The final episode of this dangerous world of comedy focuses on gender and sexual identity. A majority of the episode’s run time is dedicated to rape culture within Nigeria, the male comedians who profit from it and the female comedians who are under intense economic pressures to choose their words carefully in combating it.

Charles devotes his time in Nigeria to dissecting the male comedians and rightly challenging their material. The critical lens of these interactions presents the viewer with one of the series’ most moralizing episodes in a run of television that started with a warlord describing the taste of human flesh, followed by a US veteran named Donny O’Malley saying that “sick humor” such as rape is therapeutic despite thousands of sexual assaults reported by the Department of Defense in the US military, and later, an al-Shabaab terrorist describing the only time spent laughing was dragging bodies tied to a truck. Nowhere were these ideas of humor challenged in the same way that Charles asks of the male comedians in Nigeria. 

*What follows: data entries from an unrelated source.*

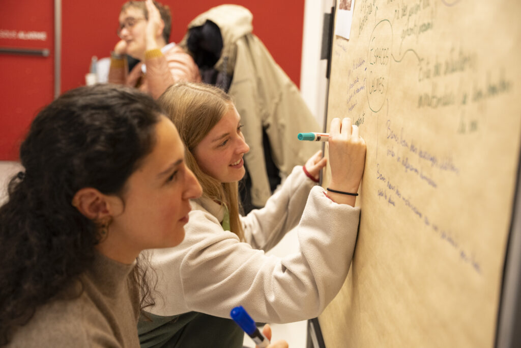 Les animatrices, à partir des cartes mentales, réalisent une synthèse à l’oral de ce qui a été dit durant l’atelier. Ainsi, elles s’assurent auprès des participant·e·s qu’il n’y a pas eu d’oubli concernant leurs idées.
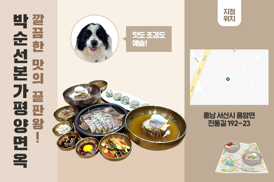 주변 경치와 함께 맛있고 깔끔한 냉면, 그리고 다양한 메뉴를 전부 즐기고 싶으시다면 박순선본가평양면옥을 적극적으로 추천합니다. 식당 옆에는 손님 맞이에 바쁜 귀여운 강아지와 요리조리 분주히 움직이는 닭들도 있답니다.
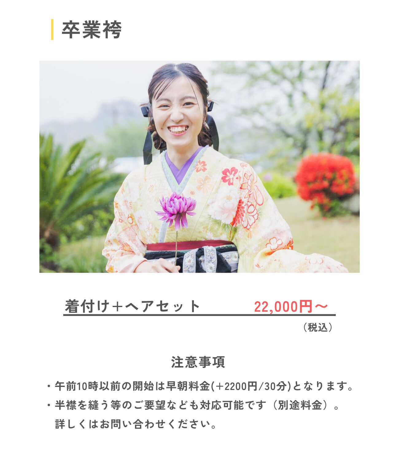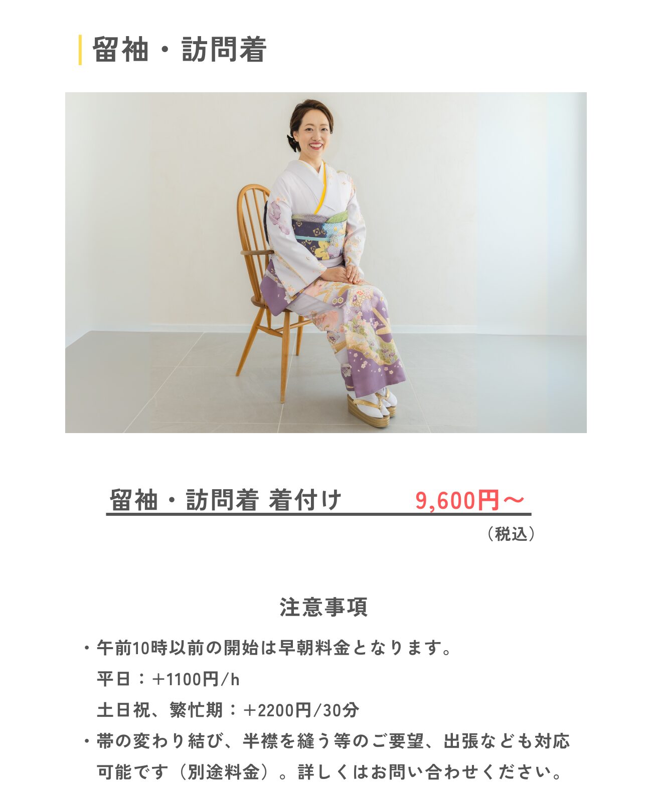 通常時(成人式以外)の振袖着付け料金は13,200円〜となります。出張も可能です。
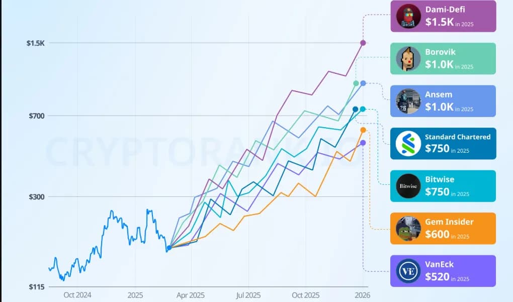 در همین حال، Bitwise و Standard Chartered پیشبینی میکنند که قیمت سولانا میتواند به ۷۵۰ دلار برسد، در حالی که تحلیلگرانی مانند Ansem و Borovik انتظار افزایش قیمت تا ۱۰۰۰ دلار را دارند.
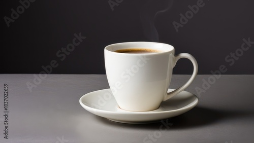 A sleek white cup holds freshly brewed coffee on a matching saucer against a smooth gray background. The scene captures a tranquil coffee moment.
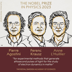 2023年诺贝尔物理学奖授予了美国俄亥俄州立大学教授皮埃尔·阿戈斯蒂尼(Pierre Agostini),匈牙利物理学家、德国慕尼黑大学马克斯普朗克量子光学研究所的费伦茨·克劳斯(Ferenc Krausz),以及法裔瑞典隆德大学教授安妮·吕利耶(Anne L'Huillier)。
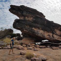 Vier in einem....Kultur, Kunst, Natur und Bewegung....😊hatten wir heute auf unserer Tour nach Ubirr, im Nordosten des Kakadu-Nationalparkes...an der Grenze zu Queensland und ca. 70 km weiter südlich in Nourlangie. Nach Kilometern vorbei an Grasland, Eukalyptus- und Drachenbäumen, kündigten sich die großen übereinander geschichteten Sandsteinformationen schon mal durch in der Landschaft herumliegende Riesensteine und kleinere Sandsteingebilde an. Endlich angekommen in Ubirr, kletterten und wanderten wir in Sandsteinformationen herum und waren schwer beeindruckt von der Aborigini Kunst an den Felswänden, die schon tausende von Jahren alt ist....und dabei noch so gut erhalten.....und selbst wir als Laien konnten viel auch ohne Erklärungen erkennen und den Rest mit den sehr guten Erklärungen identifizieren....Wahnsinn.😮....und oben auf den Felsen dann ein gigantischer Blick über das Land.
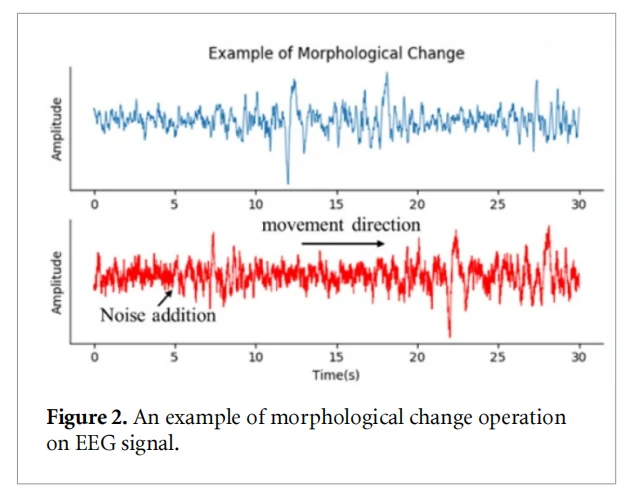 对于一个给定的睡眠脑电图历元,我们沿着时间轴进行了一个水平运动。我们还在生成信号中添加了白噪声,以进一步引入可变性。下图显示了这个操作的一个示例。通过对数据集产生新的方差,这些操作不会破坏原始脑电图信号的波特征。
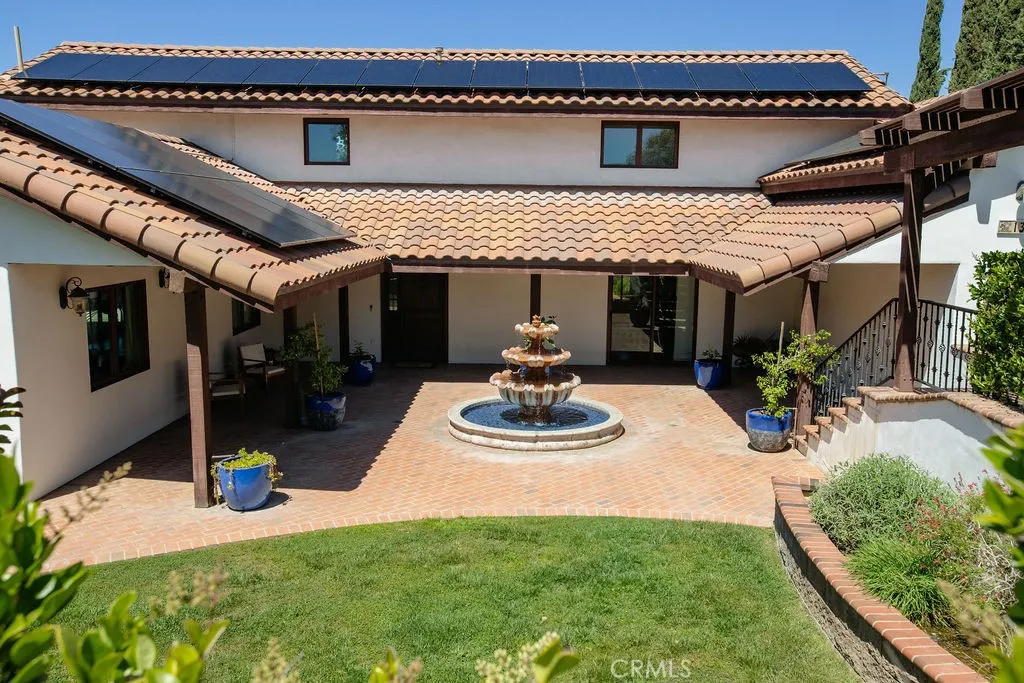 Stunning custom home with gorgeous VIEWS of Redlands! A private courtyard welcomes you in with a beautiful cascading fountain. Entry into the gorgeous hardwood floors. Large Chef's kitchen featuring beautiful Quartz countertops, wood cabinets, stainless steel appliances and Travertine floors. Dining area located off kitchen gazes over the sparkling pool; dine while enjoying the scenic VIEWS! Formal living room showcases a beautiful brick fireplace and beamed ceiling. Family room with sliding doors to backyard; perfect for entertaining. This home features not one but two primary suites. You decide if you prefer the primary suite that is located conveniently downstairs with double doors out to the pool/spa gazing into the beautiful VIEWS. This suite offers his and hers walk in closets, his and her sinks, walk in tile shower and fabulous copper tub. Or you may prefer the upstairs primary suite that includes a private balcony overlooking the VIEW of city lights. A 3rd additional bedroom with its own private bathroom and walk in closet also located upstairs. Head outside to this tranquil backyard and gaze into the cityscape and as you may suspect....scenic VIEWS. Enjoy the Sparkling pool and spa but head out a little past that and the possibilities are endless. Useable flat land is ready for your next project; whether it is an ADU, a large garage or perhaps a barn....this space is ready to be used! It is easily accessible from the side gate. Plenty of space here for RV parking, dune buggies, and other toys! 2 car attached garage, inside downstairs laundry room. Leased solar. This home is truly special and is in immaculate condition! Don't miss it! Welcome home!!!
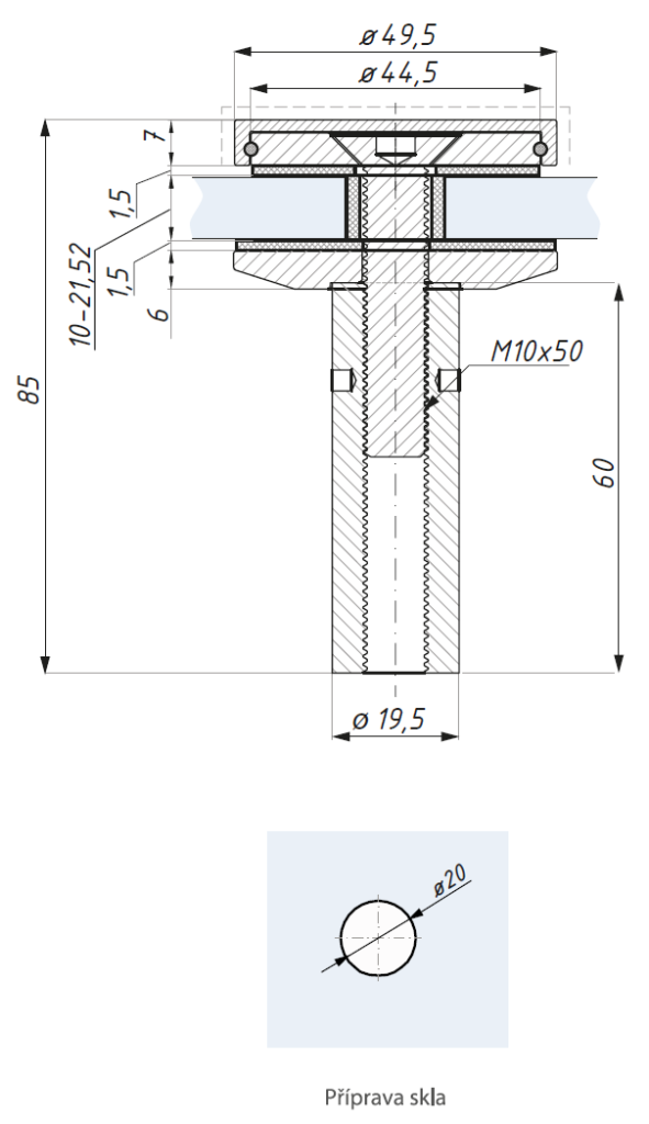 Bodový úchyt s nástavcem s krytkou, sklo 10 - 21,52 mm
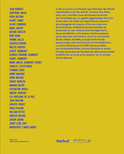 C'est un autre Le Corbusier que permettent de découvrir les lettres reproduites ici en fac-similé. Ce corpus en grande partie inédit dévoile une étonnante lecture critique par Le Corbusier de sa propre oeuvre. Car c'est une véritable mise à nu qu'offrent ces lettres où le Corbusier livre ses « tripes » : là il fanfaronne, ici il doute ou se moque de lui-même. L'accompagnement rigoureux de Guillemette Morel Journel dans la lecture de cette correspondance permet d'accéder à la complexité d'une trajectoire après la polémique du printemps.
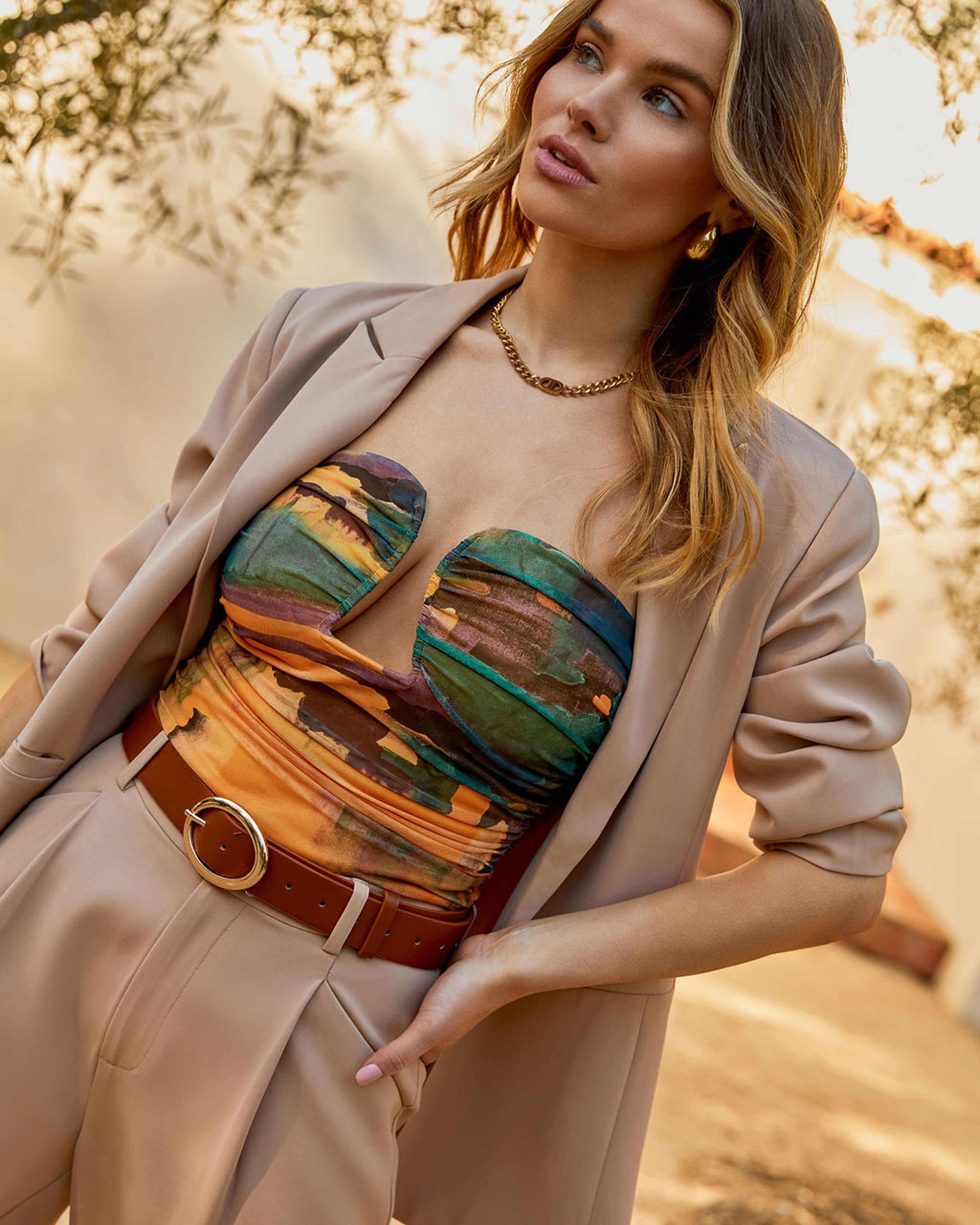 With a structured. center cutout and flattering ruching. this bodysuit is the star of your next outfit. Made from trendy mesh fabric with a bold print. we love this paired with a power suit or fitted. high-waisted jeans.
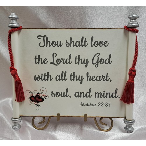 Encourage LOVE with this 8 1/2 x 11 classy "Thou Shalt LOVE Scroll Plaque". It is a beautiful plaque printed on white parchment paper with silver finials and a wood backing for easy hanging. It can easily be displayed for Valentine's Day (or all year)! Hang on a door (can be added to a wreath) or display on one of our 10" Decorative Easels.
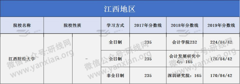 雖然2020年的復試分數線和報錄比還未定,但是研線網整理了2019年江西財經大學會計專碩的復試分數線和招生情況,供大家參考。
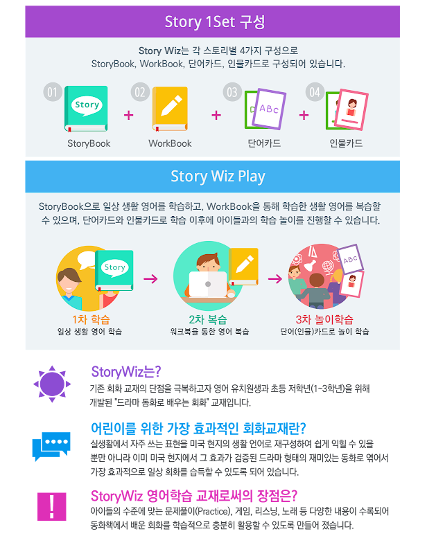 스토리위즈는 StoryBook, WorkBook, 낱말카드, 인물카드로 구성되어 있습니다.
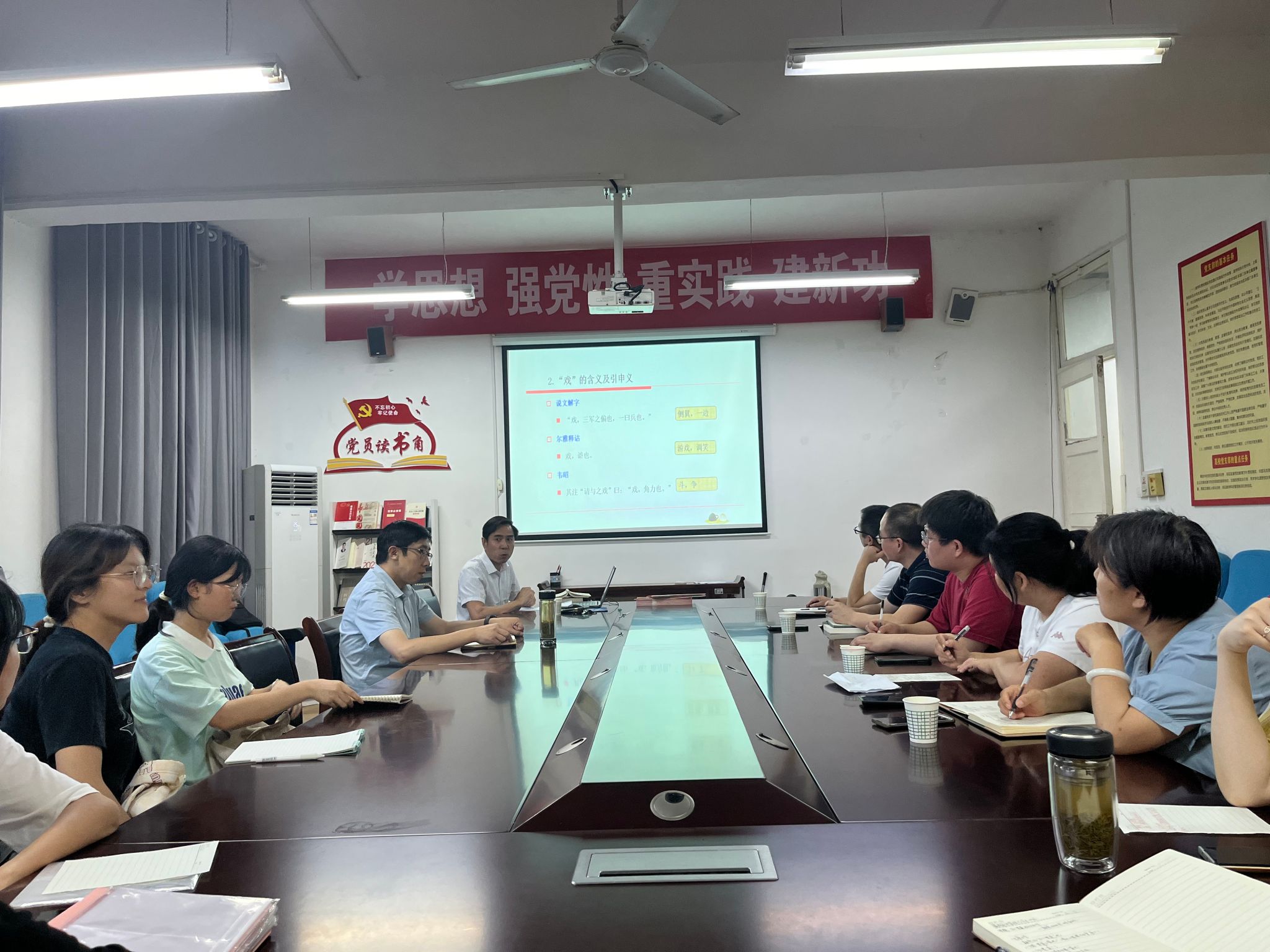 活动开始后,崔德全老师做了题为《文以贯道与以文为戏——韩愈古文观念的矛盾与统一》的学术报告。报告中,崔德全老师以韩愈的古文理论为研究对象,首先介绍了文以贯道的提出、含义以及韩愈提倡文以贯道的意图,其次详细分析了以文为戏这一概念的提出、多层次含义以及这一观念的实质,接着又阐述了文以贯道与以文为戏的矛盾与统一的关系,最后提出了以文为戏这一古文创作观念的普遍意义。
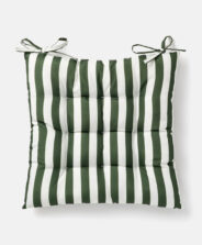 Prugasti vodootporni jastuk za stolicu pruža udobnost tokom boravka na otvorenom. Mekani materijal i vodootporna zaštita čine ga praktičnim i dugotrajnim. Ima vezice za pričvršćivanje. U ponudi su dostupna dva uzorka.
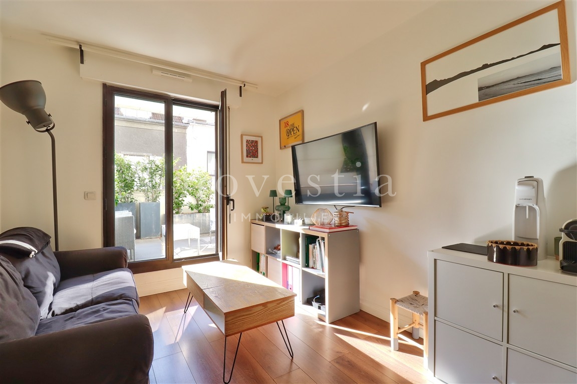 BOULOGNE-BILLANCOURT - QUARTIER PARCHAMP-ALBERT KAHN - Au 1er étage d'un immeuble récent équipé d'un ascenseur, nous vous proposons un appartement de 29,20 m² avec une terrasse de 11 m². Ce bien comprend une entrée avec placard, un séjour donnant sur une terrasse exposée plein sud, un espace cuisine, une chambre ayant également son accès à la terrasse, ainsi qu'une salle de bains avec WC. Terrasse de plain-pied, parquet et rangements. Une cave au sous-sol complète ce bien. Gardien dans l'immeuble. Commerces et transports à proximité.
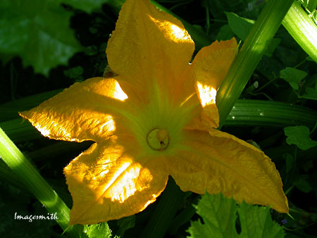 ![]() A squash blossom brightens the shadows between huge leaves.
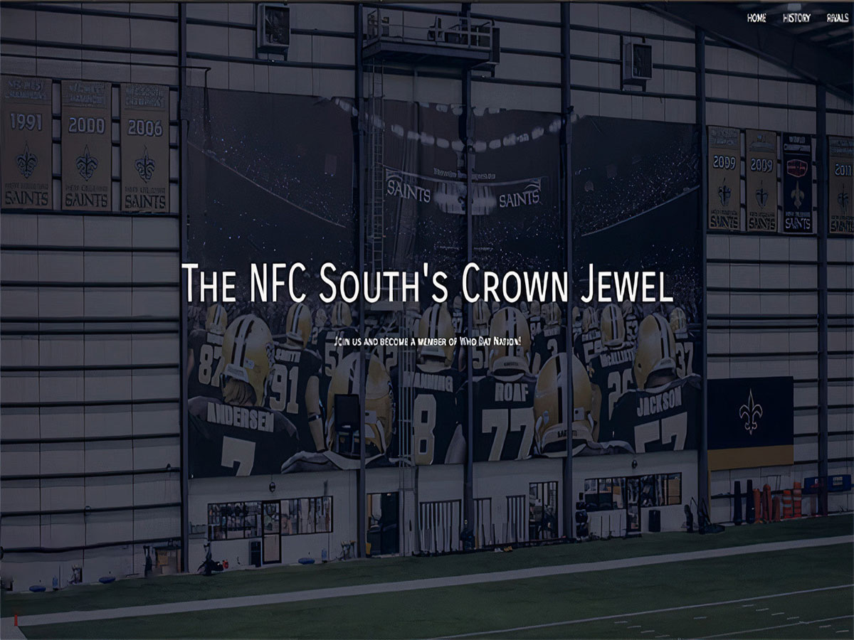 This is a site that has been created in order to show my dedication to the New Orleans Saints Football team. On the home page, you will be greeted with a title and a little bit of text underneath it welcoming you to the site. The background image of the homepage represents the inside of the Saints training facility, located in Metairie, Louisiana. As you scroll down the page, you will notice three squares that are placed, underneath a title of "Our Values". This section, and these cards, are meant to represent the values that all members of the team and staff are expected to represent everyday. Under the values section, we have a "Key Players" section that lists three players for the team that have a large impact on the teams success. The players listed are running back Alvin Kamara, wide receiver Chris Olave, and cornerback Marshon Lattimore. The final section on the home page is used as a location to share quotes from coaches on the team.
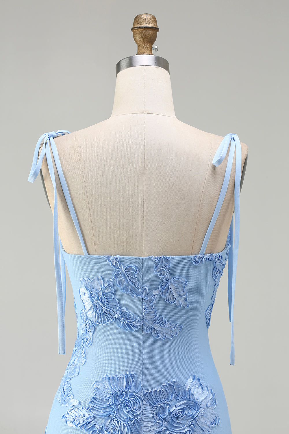 Light Blue Mermaid Spaghetti Straps Long Prom Dress with Appliques

Can we assume that Charles refined his examination as the series continued and realized that maybe none of this is as funny as he thought? Or, is a subject as traumatic and demoralizing as rape off limits when it’s coming from the mouths of those who have not suffered in war time?

It’s hard to tell. Just as Charles proves throughout the show’s four episodes: there are disparities between the traditional American enterprise of comedy and what that same enterprise allows to flourish outside of its neatly-defined borders.